1. I would rather not add a new method to FileSystem. Instead I would use FileSystem.get(Uri, conf) to get the local file system where-ever needed in FsShell.java
2. the tmp file prefix or suffix could be "tmp.fsshell" so that it is helpful to debug certain scenarios. Most applications uses "tmp" or some variations of that.
3. I am unable to understand the behaviour of "another" file in FsShell.copyToLocal. Will discuss this with you.

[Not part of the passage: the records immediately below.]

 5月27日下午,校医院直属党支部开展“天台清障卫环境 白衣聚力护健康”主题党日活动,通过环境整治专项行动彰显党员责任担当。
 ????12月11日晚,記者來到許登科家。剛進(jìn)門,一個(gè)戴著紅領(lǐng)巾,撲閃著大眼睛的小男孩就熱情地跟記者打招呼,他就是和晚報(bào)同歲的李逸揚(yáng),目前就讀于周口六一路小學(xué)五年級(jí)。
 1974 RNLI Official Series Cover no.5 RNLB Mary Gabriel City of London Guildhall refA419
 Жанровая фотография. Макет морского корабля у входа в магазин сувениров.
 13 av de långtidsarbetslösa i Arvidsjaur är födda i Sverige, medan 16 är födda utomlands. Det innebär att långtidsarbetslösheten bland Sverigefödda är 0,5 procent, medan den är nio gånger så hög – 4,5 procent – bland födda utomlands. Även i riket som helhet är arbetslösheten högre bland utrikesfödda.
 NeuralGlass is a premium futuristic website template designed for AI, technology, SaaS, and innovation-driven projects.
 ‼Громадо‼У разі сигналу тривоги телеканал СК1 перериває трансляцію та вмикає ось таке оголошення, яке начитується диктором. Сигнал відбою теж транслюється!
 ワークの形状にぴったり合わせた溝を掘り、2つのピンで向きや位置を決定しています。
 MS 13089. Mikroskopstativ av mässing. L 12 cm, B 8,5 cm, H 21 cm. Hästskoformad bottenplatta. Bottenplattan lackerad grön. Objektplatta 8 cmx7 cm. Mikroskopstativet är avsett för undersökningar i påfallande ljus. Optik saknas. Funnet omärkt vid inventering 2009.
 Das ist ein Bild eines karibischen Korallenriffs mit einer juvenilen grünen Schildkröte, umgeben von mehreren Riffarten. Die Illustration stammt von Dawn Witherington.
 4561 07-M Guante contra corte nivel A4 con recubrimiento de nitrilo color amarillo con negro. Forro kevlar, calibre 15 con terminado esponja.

4. Maybe enhance TestDFSShell.java to encompass this scenario. At least invoke FsShell.copyToLocal

> dfs -copyToLocal should guarantee file is complete
> --------------------------------------------------
>
>                 Key: HADOOP-1292
>                 URL: https://issues.apache.org/jira/browse/HADOOP-1292
>             Project: Hadoop
>          Issue Type: Improvement
>          Components: dfs
>            Reporter: eric baldeschwieler
>         Attachments: HADOOP-1292_20070619b.patch
>
>
> We should copy to a temporary file, maybe _tmp.<realname>, and then rename the file when the copy is complete.  Restarting a copy should reuse the _tmp file, just checksumming it.  Then ^Cing a copy will do the right thing.
> Original suggestion:
> On Apr 23, 2007, at 2:38 AM, Richard Kasperski wrote:
> I'd like to have a guarantee that a file copy is both completed and that the file is whole. In the past I've done this  by copying the file to a temporary name tmp.<realname> and then moving it to <realname> once I have the file copy is complete. This has the following very nice properties; If the <realname> exists then the file copy is complete and I'm not looking at a partial copy of the file. I believe that the copy to the cluster has both of these properties in that the file doesn't appear in a DFS directory until the whole file has been copied. The copy from the cluster to a local file system does not have these guarantees and it would be very nice if it did. There are two scenarios under what I wish to use this. First is that if I ctrl-c the 'hadoop dfs -copyToLocal' I know what parts are complete and what parts aren't. Second I can run a background compressor to compress the files as they are copied.